SOURCE RECORDS ▸

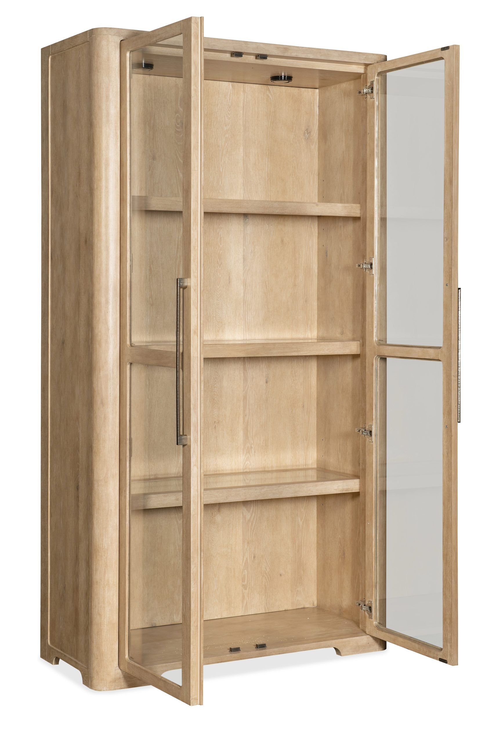 Serene and stylish with a modern allure, the Retreat Display Cabinet is a striking focal point piece. Crafted of Oak Veneers, it is finished in the sand-colored Dune, transparent by design to reveal the unique grain patterns of the wood veneer. Featuring softly-shaped bracket feet, it has tempered glass doors with magnetic catches and soft pewter bar pulls. Behind the doors, the top and bottom shelves are wood-framed glass and adjustable, while the middle shelf is wood-framed glass and fixed. There are plate grooves on all shelves, and two lights in the top with a three-intensity touch switch on the right side of the back panel.
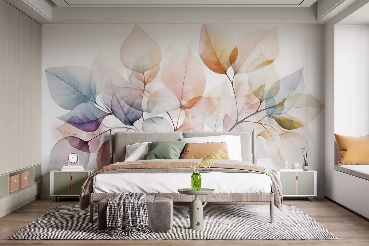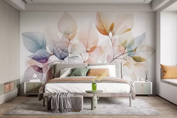 Fotomurales Pintura en acuarela de hojas translúcidas en colores pastel, con tonos rosas, blancos, morados y azules Nr. w08910
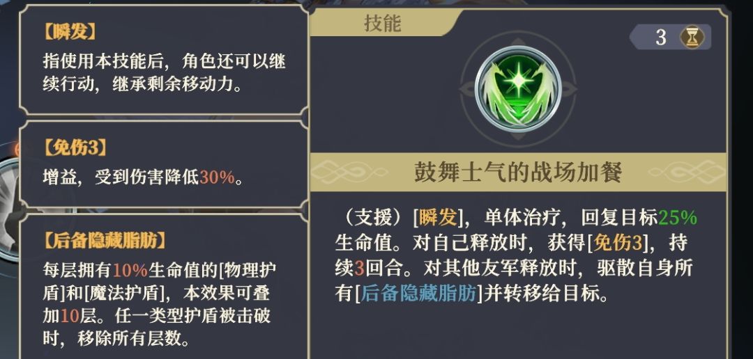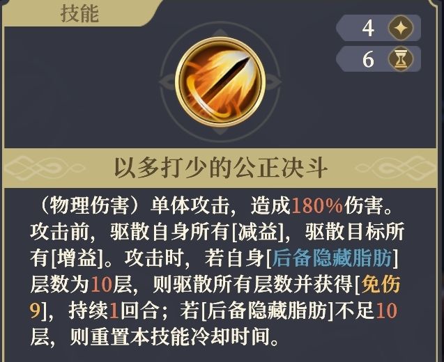 _所有脂肪只持续2回合,需要持续获取来维持。反应技有助于维持层数。
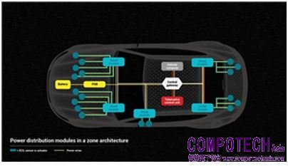 在區域架構中,配電箱是分散的,以便每個區域都有自己的配電單元來為相應區域中的模組供電。圖 2 顯示區域架構中的配電概念,您可以在其中看到每個區域都整合配電功能和管理網路流量的區域模組。新的配電架構將減輕線束電纜的重量,進而提高內燃機車輛的燃油效率,提高電池電動車的行駛里程。
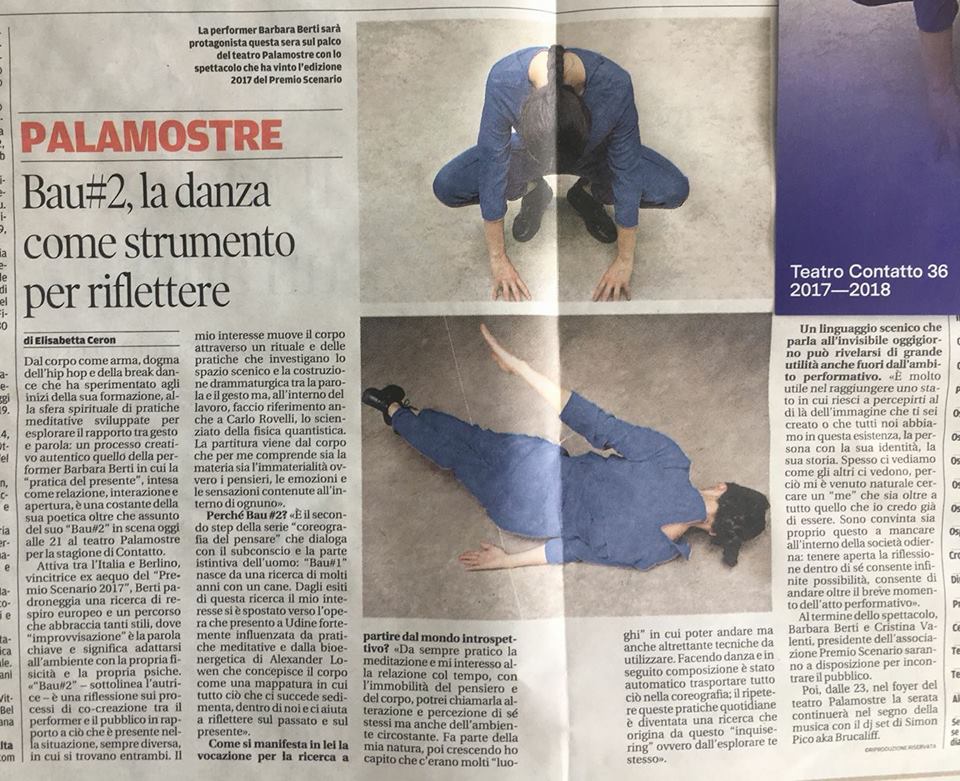 Different, almost surprising, is the direction taken by Barbara Berti with her BAU #1, the first series of BAU ‘Choreography of thinking’ whose second outcome, BAU # 2, was the winner of the 2017 Scenario Award. Matching dance to acting a text to illustrate the possible relationships between language and gesture, as well as the connections between body reality and mental image, Berti enters here in the territory of the meta-choreography. The nostrils that quiver, or the teeth shown in a sneer, confer a desecrating imprint, which will eventually explode into canine onomatopoeia, barking. “Being here, feeling without feeling, listening without listening”: the monologue uttered by Berti deconstructs the choreographic work and its germinative process itself, using a seductive as well as enigmatic phrasing.
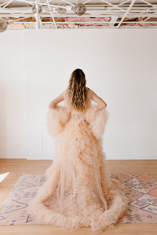 Flowy and fluffy sheer robe in a peach color and tulle belt. beige slip dress is available with the robe.

TASK ITEM ▸ Leave the pictures out, and retype exactly the lines from the one containing "Different, almost surprising, is" through the last line of the entries above, both included.

EXERCISE RESULT ▸
 Different, almost surprising, is the direction taken by Barbara Berti with her BAU #1, the first series of BAU ‘Choreography of thinking’ whose second outcome, BAU # 2, was the winner of the 2017 Scenario Award. Matching dance to acting a text to illustrate the possible relationships between language and gesture, as well as the connections between body reality and mental image, Berti enters here in the territory of the meta-choreography. The nostrils that quiver, or the teeth shown in a sneer, confer a desecrating imprint, which will eventually explode into canine onomatopoeia, barking. “Being here, feeling without feeling, listening without listening”: the monologue uttered by Berti deconstructs the choreographic work and its germinative process itself, using a seductive as well as enigmatic phrasing.
 Flowy and fluffy sheer robe in a peach color and tulle belt. beige slip dress is available with the robe.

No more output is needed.